TASK BRIEF: Give an exact copy of the data that follows, but none of its pictures.

GIVEN DATA:
▼

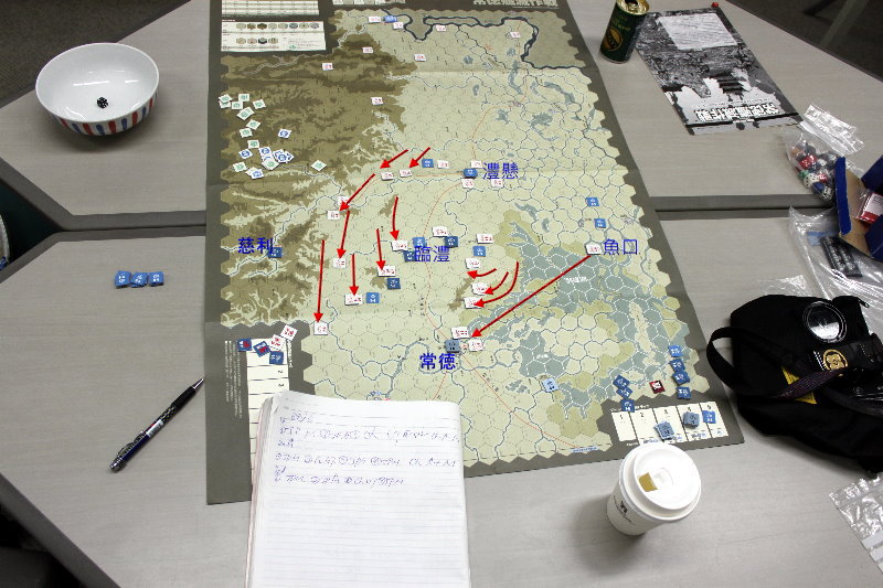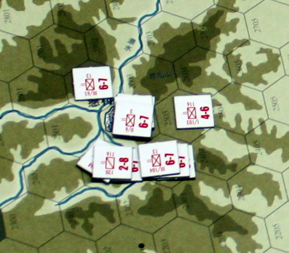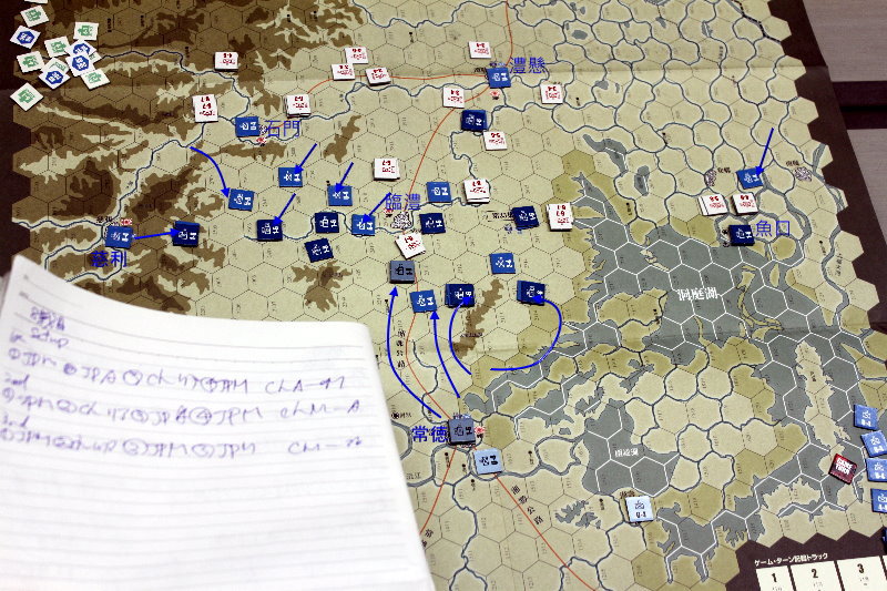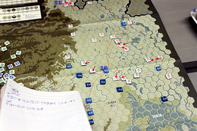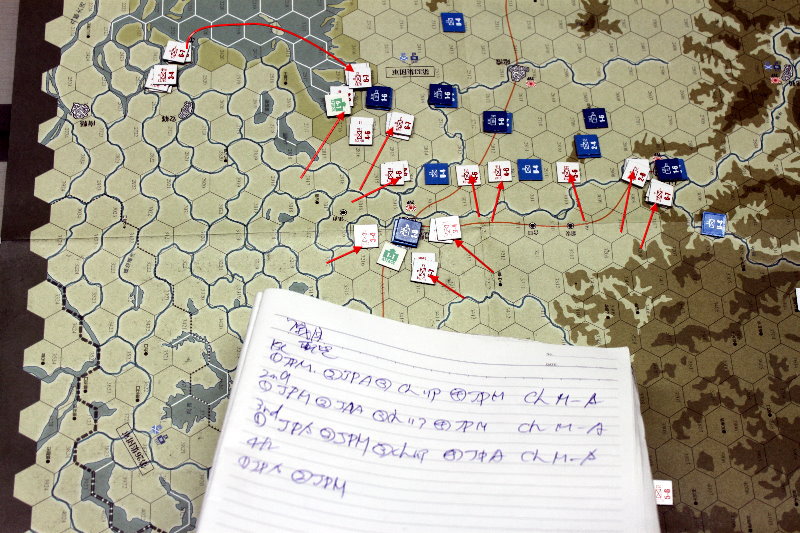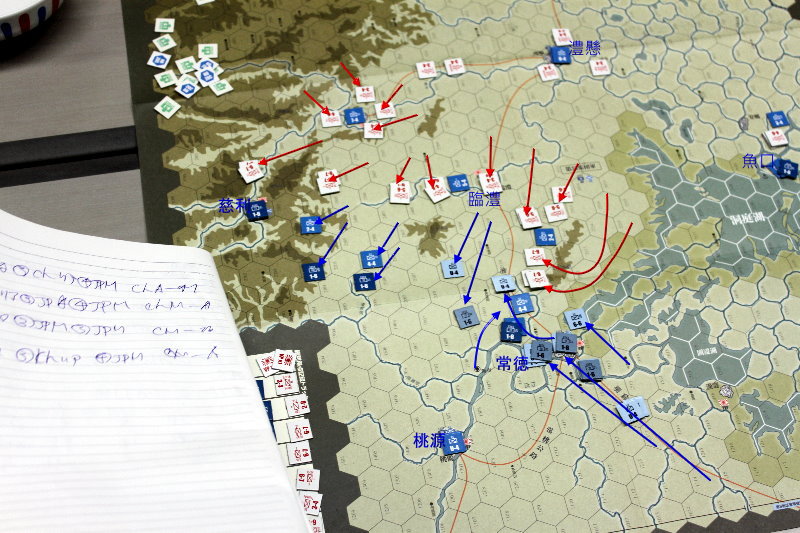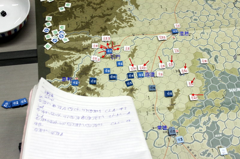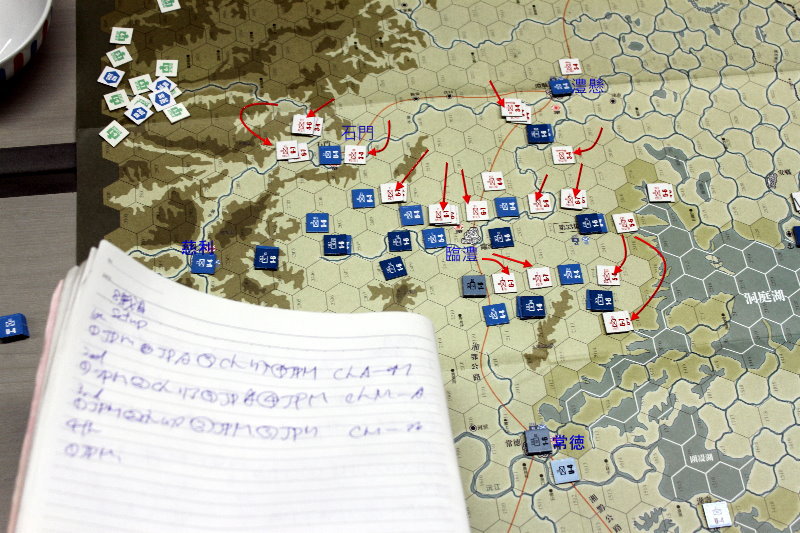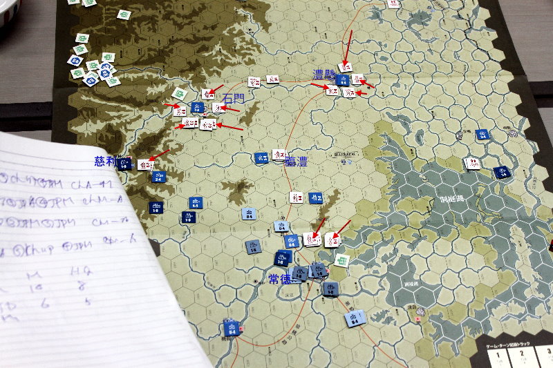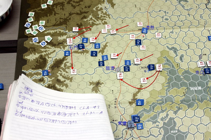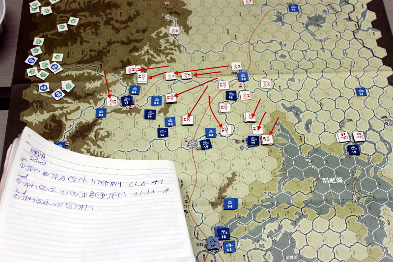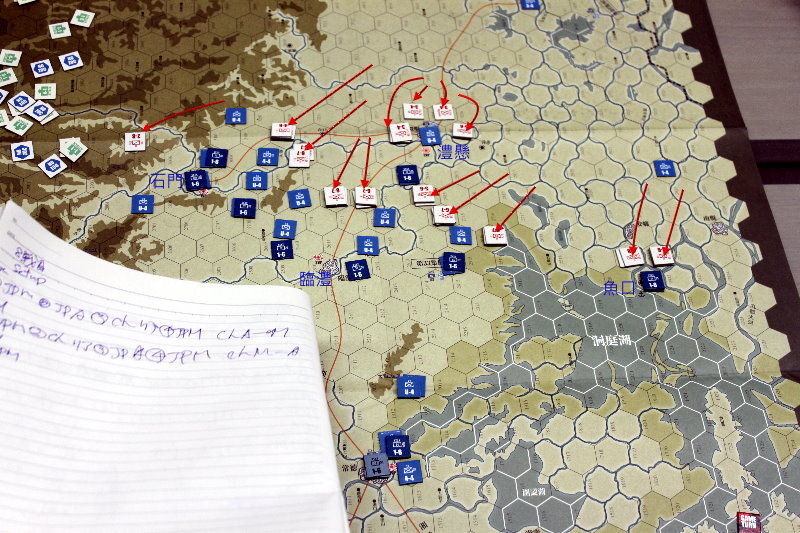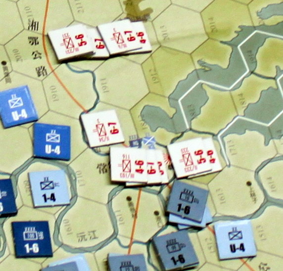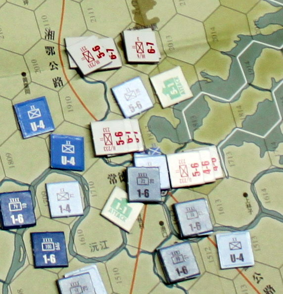 主力は澧懸後方で中国軍HQスタックを包囲。ああ、中国軍HQ(A)の位置は、1ヘクス前だったか。ZOCがあったりなかったりするのは読み難いな。
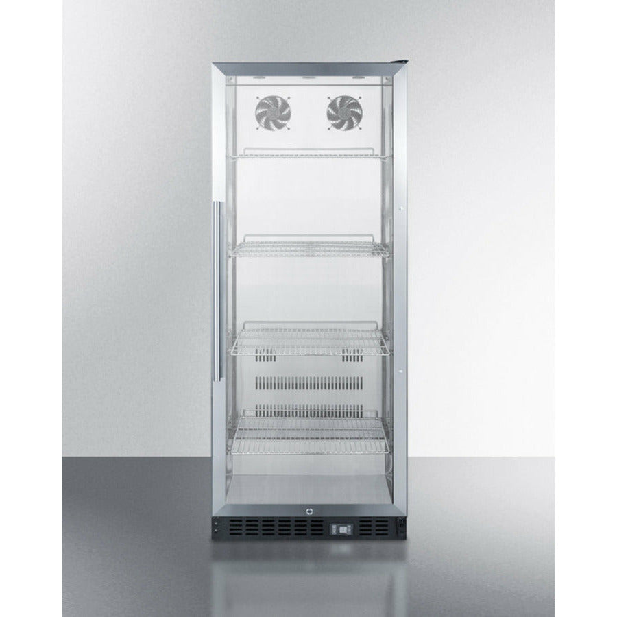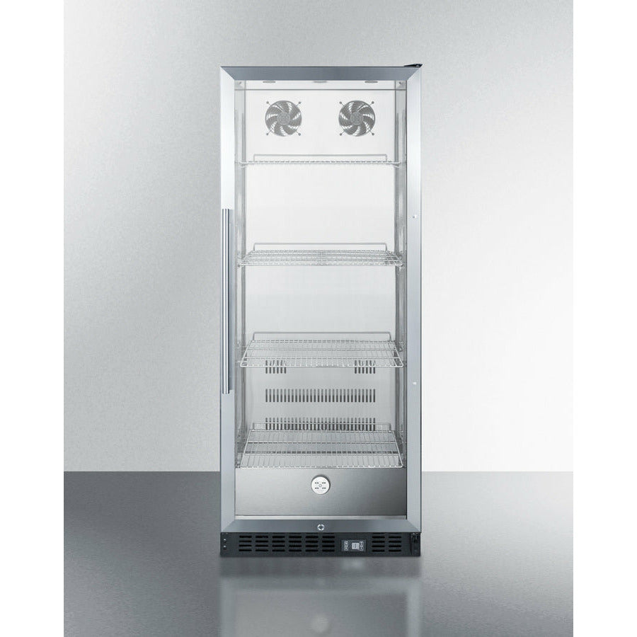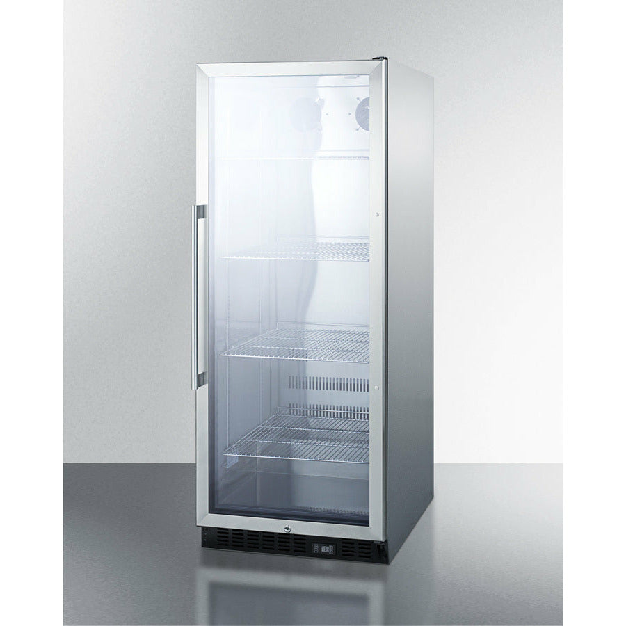 SUMMIT SCR1156CSS offers 11 cu.ft. of storage space in a slim width just under 24". Bottles and cans be stored on heavy duty cantilevered shelves, easily adjustable to accommodate a variety of sizes. The interior is fully constructed from stainless steel for easy cleanability and long-lasting durability. LED lighting offers full illumination of stored products and a digital thermostat ensures easy and intuitive temperature management. The readout can be viewed in Celsius or Fahrenheit.
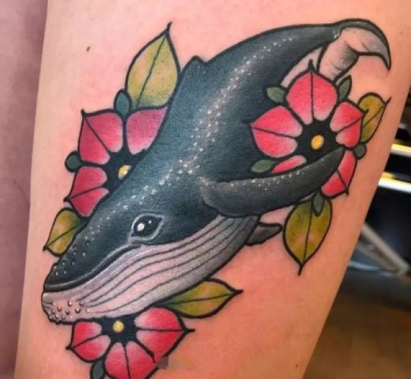 萌萌的鲸鱼纹身--适合女生的小清新鲸鱼纹身图案作品

▲

FINAL ANSWER:
 主力は澧懸後方で中国軍HQスタックを包囲。ああ、中国軍HQ(A)の位置は、1ヘクス前だったか。ZOCがあったりなかったりするのは読み難いな。
 SUMMIT SCR1156CSS offers 11 cu.ft. of storage space in a slim width just under 24". Bottles and cans be stored on heavy duty cantilevered shelves, easily adjustable to accommodate a variety of sizes. The interior is fully constructed from stainless steel for easy cleanability and long-lasting durability. LED lighting offers full illumination of stored products and a digital thermostat ensures easy and intuitive temperature management. The readout can be viewed in Celsius or Fahrenheit.
 萌萌的鲸鱼纹身--适合女生的小清新鲸鱼纹身图案作品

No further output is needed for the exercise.